-- Problem description --
In the material below, find the line with "查询结果:目前商标局在43类" and the line with "- Gray queen". Output exactly those two lines and all lines between them, leaving out pictures.

-- Information provided --
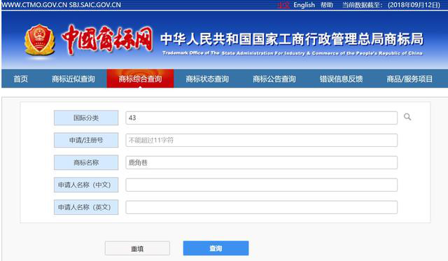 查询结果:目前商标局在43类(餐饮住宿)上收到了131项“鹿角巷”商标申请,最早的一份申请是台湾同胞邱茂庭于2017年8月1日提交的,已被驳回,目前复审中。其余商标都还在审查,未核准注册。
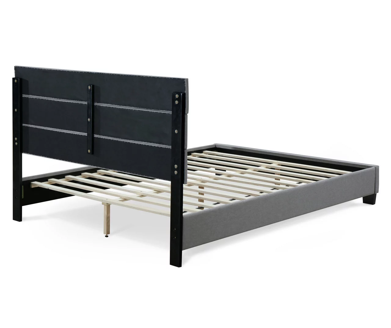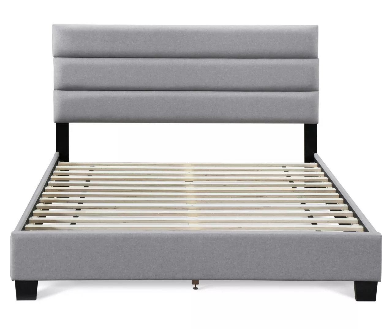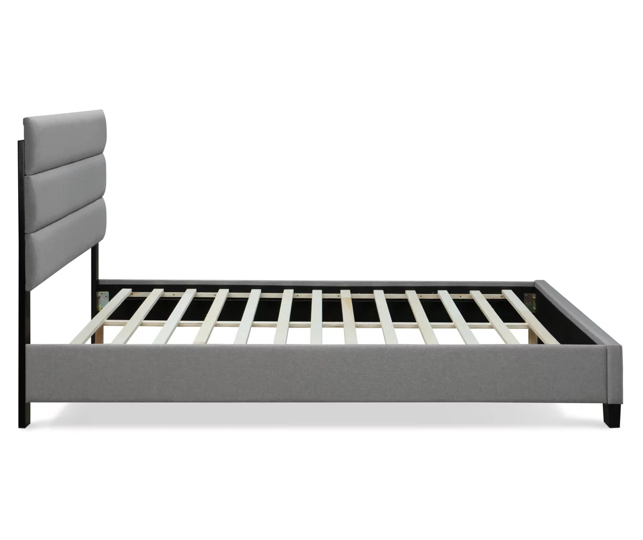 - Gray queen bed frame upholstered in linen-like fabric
--
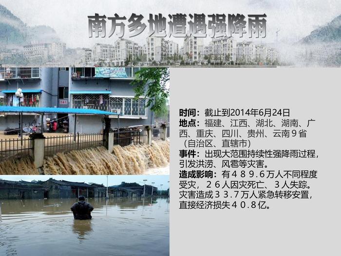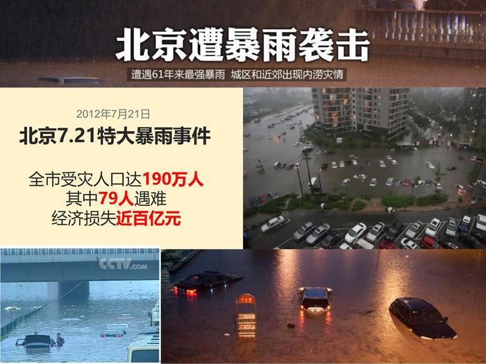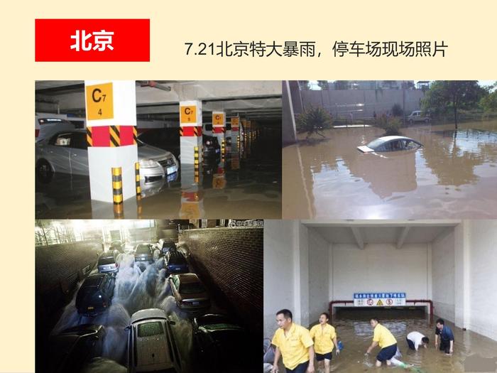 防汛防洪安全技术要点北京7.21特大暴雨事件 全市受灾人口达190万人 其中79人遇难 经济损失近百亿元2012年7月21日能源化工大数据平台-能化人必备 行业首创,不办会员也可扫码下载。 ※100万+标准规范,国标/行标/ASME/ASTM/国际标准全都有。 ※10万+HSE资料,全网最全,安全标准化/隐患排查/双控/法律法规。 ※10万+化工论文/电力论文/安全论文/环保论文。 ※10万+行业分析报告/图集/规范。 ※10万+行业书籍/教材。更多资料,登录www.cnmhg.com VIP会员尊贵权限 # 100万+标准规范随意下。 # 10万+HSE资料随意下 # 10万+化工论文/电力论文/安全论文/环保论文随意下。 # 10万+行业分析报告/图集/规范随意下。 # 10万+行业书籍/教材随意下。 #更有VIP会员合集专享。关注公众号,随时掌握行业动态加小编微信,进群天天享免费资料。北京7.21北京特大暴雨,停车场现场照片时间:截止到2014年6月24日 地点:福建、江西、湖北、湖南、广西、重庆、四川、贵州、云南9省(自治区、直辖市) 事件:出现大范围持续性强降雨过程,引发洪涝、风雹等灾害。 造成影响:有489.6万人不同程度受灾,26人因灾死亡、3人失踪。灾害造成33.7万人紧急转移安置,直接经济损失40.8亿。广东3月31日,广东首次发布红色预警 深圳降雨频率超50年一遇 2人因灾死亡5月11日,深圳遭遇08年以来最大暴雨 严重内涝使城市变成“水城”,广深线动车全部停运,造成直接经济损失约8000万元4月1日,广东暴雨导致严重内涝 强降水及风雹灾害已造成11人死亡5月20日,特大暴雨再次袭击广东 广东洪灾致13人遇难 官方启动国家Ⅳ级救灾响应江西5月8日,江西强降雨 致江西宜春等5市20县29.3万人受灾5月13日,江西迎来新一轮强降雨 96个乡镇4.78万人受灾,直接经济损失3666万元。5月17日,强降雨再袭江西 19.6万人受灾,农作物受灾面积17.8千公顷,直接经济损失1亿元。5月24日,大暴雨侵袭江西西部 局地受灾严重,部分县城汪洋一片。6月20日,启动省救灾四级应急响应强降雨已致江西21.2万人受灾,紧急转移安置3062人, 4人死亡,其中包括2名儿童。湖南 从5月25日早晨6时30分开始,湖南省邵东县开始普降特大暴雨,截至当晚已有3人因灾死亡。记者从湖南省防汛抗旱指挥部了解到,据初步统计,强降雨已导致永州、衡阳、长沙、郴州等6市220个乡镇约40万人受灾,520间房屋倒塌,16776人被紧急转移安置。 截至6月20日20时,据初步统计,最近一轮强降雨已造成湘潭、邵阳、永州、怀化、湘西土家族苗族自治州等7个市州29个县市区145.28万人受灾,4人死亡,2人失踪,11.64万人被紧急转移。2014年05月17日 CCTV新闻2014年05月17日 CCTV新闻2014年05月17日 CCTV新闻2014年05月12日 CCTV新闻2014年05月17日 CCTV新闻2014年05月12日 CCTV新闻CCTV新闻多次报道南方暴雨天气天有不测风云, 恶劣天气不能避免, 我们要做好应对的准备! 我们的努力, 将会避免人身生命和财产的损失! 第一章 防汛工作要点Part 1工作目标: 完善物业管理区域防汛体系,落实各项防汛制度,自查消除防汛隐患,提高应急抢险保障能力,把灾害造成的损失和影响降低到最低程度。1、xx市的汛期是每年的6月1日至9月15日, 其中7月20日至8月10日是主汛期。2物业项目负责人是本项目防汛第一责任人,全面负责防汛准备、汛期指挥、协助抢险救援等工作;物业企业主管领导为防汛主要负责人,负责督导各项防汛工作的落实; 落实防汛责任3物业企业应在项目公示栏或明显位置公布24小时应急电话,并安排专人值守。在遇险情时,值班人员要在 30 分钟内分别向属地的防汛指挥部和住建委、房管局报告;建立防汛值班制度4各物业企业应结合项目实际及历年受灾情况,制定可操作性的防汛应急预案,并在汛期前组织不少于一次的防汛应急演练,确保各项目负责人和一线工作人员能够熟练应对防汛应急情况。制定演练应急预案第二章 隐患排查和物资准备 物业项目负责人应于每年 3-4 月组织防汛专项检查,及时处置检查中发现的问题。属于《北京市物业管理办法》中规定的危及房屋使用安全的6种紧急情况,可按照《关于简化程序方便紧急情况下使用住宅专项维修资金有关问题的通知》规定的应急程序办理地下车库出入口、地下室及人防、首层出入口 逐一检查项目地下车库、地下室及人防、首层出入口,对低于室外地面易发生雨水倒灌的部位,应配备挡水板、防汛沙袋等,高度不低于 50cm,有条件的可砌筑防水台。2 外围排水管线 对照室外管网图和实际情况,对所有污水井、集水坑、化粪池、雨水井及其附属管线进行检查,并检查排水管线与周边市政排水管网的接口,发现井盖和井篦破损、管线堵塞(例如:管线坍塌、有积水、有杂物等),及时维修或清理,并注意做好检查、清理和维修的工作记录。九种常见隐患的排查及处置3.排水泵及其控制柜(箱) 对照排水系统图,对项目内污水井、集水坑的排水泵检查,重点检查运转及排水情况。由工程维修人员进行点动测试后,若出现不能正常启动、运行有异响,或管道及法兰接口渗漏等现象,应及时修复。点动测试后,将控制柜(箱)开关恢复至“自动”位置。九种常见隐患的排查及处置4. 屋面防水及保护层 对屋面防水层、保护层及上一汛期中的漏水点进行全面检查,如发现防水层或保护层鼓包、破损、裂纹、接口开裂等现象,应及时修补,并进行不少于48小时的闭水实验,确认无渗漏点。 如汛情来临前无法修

-- Result --
 查询结果:目前商标局在43类(餐饮住宿)上收到了131项“鹿角巷”商标申请,最早的一份申请是台湾同胞邱茂庭于2017年8月1日提交的,已被驳回,目前复审中。其余商标都还在审查,未核准注册。
 - Gray queen bed frame upholstered in linen-like fabric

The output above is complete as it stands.